Item 5 is hereby amended as follows:
(a) Alan Glen owns of record 264,051 shares of HGI Common Stock,
and may be deemed to own, directly or indirectly, an additional 97,986 shares.
Alan Glen also may be deemed to beneficially own, directly or indirectly,
438,458 Units. Subject to certain restrictions, such Units are exchangeable for
shares of HGI Common Stock on a one-for-one basis. In addition, Alan Glen's
spouse owns 165,213 shares of common stock as to which beneficial ownership is
disclaimed. Accordingly, for purposes of Section 13(d) of the Act, Alan Glen may
be deemed to own beneficially approximately 4.26% of the outstanding shares of
HGI Common Stock.
(b) Alan Glen has sole voting and investment power with respect to
the 362,037 shares of HGI Common Stock that he owns of record or is deemed to
own indirectly, and 438,458 shares of HGI Common Stock that he may acquire upon
conversion of Units.
Since the filing of Schedule 13D (as amended by Amendment No.

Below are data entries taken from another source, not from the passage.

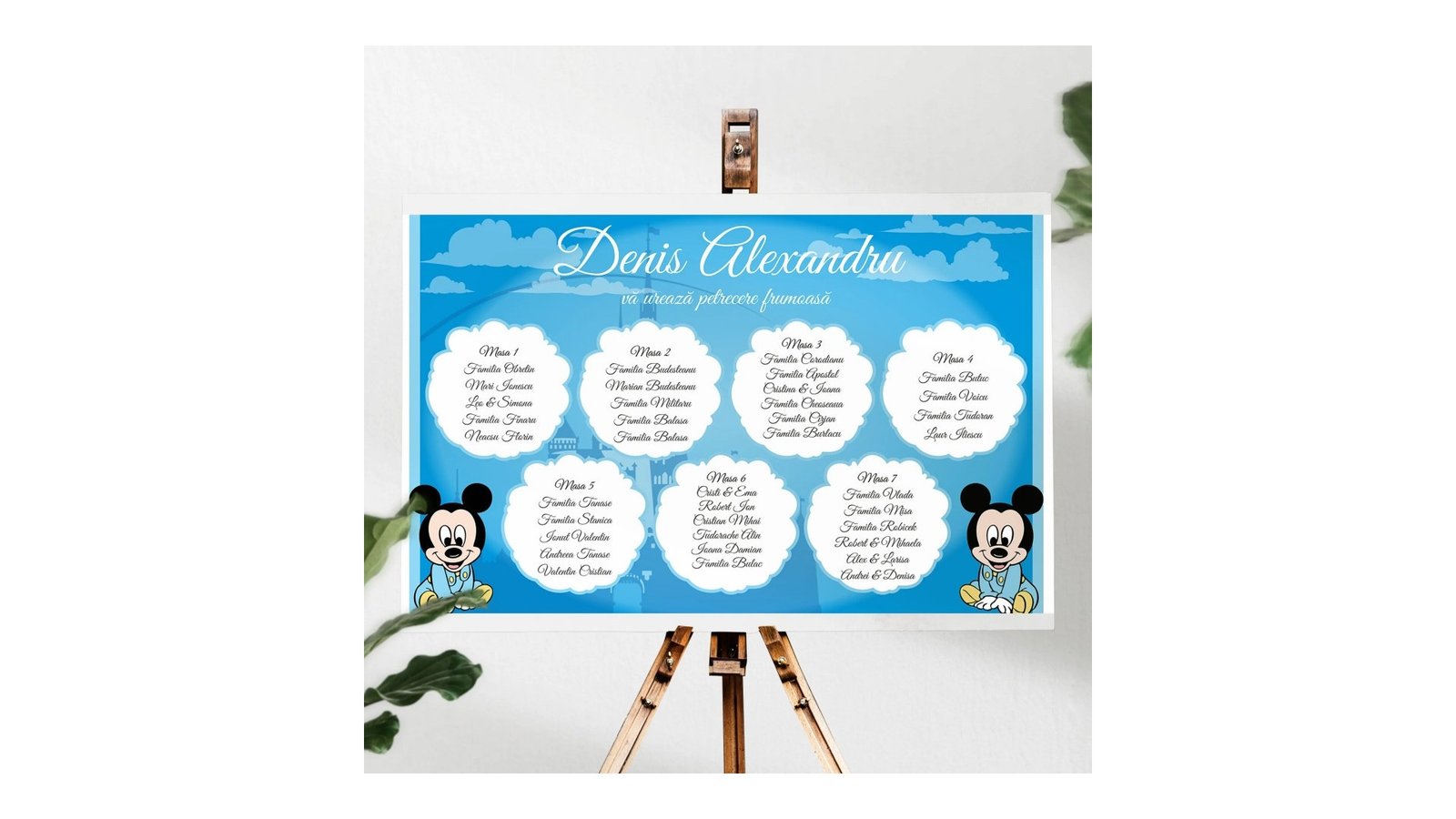 Succesul realizarii unui eveniment fara cusur consta in atentia la detalii, cum ar fi opisul sau asezarea la mese. De aceea va propunem, [page_title] produsul ideal pentru o mai buna organizare a evenimentului. Modelele concepute de noi sunt de cea mai inalta calitate, personalizate si lucrate cu mare atentie. Cum comand? Pentru a putea comanda trebuie sa urmati cativa pasi simpli: Alege dimensiunea si materialul Incarca fisierul cu asezarea la mese Plaseaza comanda Cum stiu ce material sa aleg? Opisul din carton/hartie de 200gr este potrivit pentru evenimentul unde la intrare este prezent un stativ de tip rama, deoarece acesta fiind foarte usor ca si greutate, nu poate sta fix si este si foarte fragil. Opisul din PVC este potrivit pentru stativul de tip sevalet, acesta fiind putin mai greu ca si greutate nu este la fel de fragil. In cat timp este gata comanda? Timpul mediu de realizare este cuprins intre 5-7 zile lucratoare. Ce se intampla dupa ce ati plasat comanda? Un coleg va reveni la dvs. cu un apel telefonic pentru confirmarea comenzii. Dupa confirmarea telefonica, veti primi pe whatssapp/mail macheta pentru verificarea acesteia. Doar dupa confirmarea dumneavoastra opisul se va tipari. Pentru text puteti alege orice culoare doriti, cu exceptia culorilor auriu si argintiu.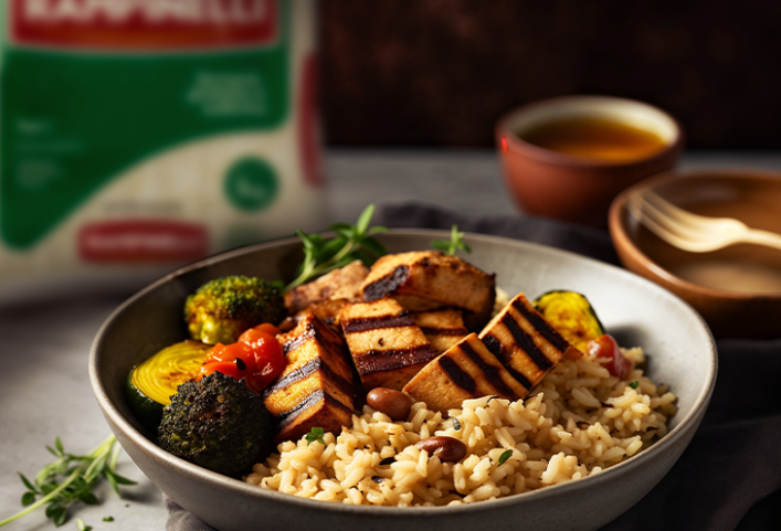 - 05 Monte as tigelas adicionando os legumes assados e o tofu grelhado por cima do arroz.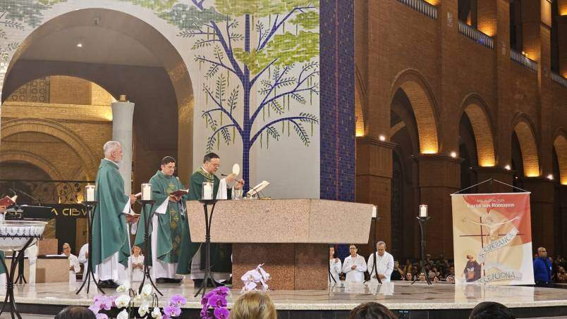 Na noite deste domingo (31), às 18h, o Santuário Nacional de Aparecida acolheu os devotos de Nossa Senhora na Santa Missa que marcou a abertura do Mês da Bíblia 2025.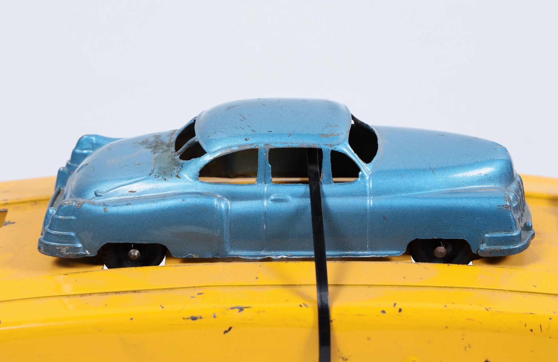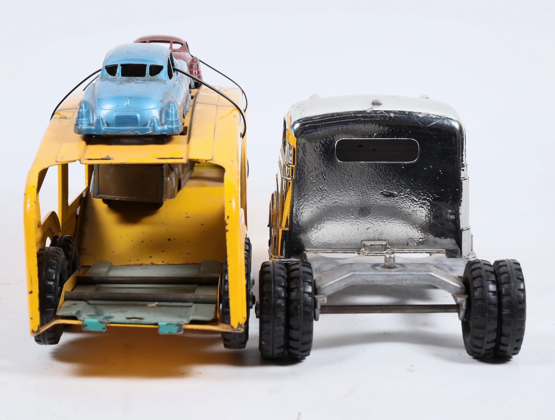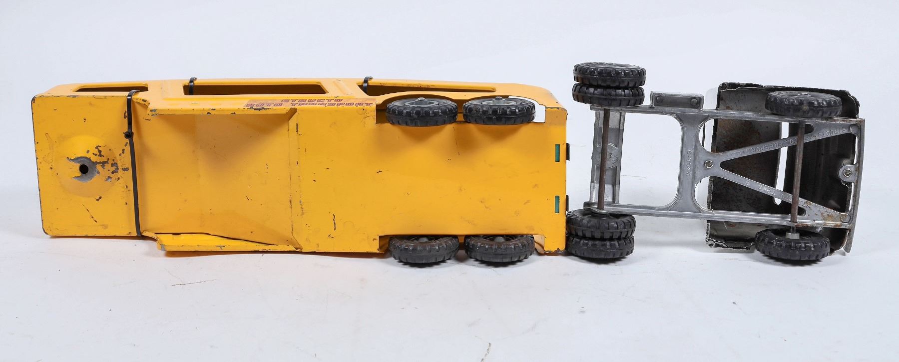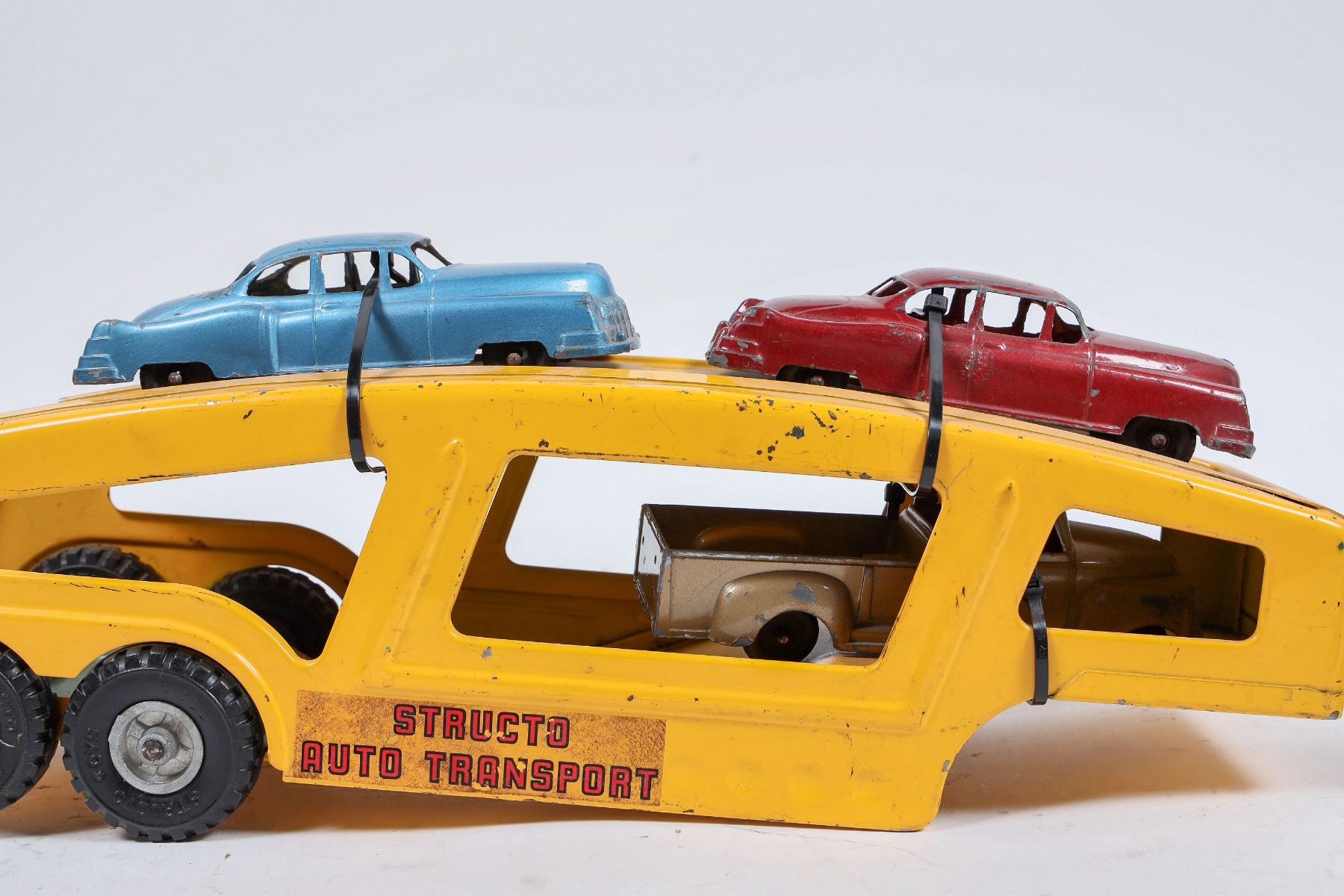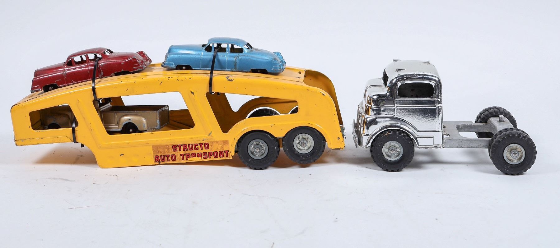 Vintage Structo car hauler w/three cars. Cab is silver and trailer yellow, decals in good condition, overall condition w/orig. paint is excellent. Not many in this condition, great addition. 22” L

1 and Amendment No. 2), the number and percentage of shares of HGI Common Stock
beneficially owned, directly or indirectly, by Alan Glen have changed
primarily as a result of (i) the redemption by Alan Glen and Cheryl McArthur
(for themselves and/or on behalf of related entities) of certain beneficially-
held Units; (ii) the gift of certain Units by Alan Glen and his spouse; (iii)
the exchange by certain entities affiliated with Alan Glen and Cheryl McArthur
of Units for shares of HGI Common Stock; (iv) the sale of certain shares by Alan
Glen in the open market; and (v) the issuance by HGI of previously authorized
Units, all of which transactions are described in paragraph (c) below.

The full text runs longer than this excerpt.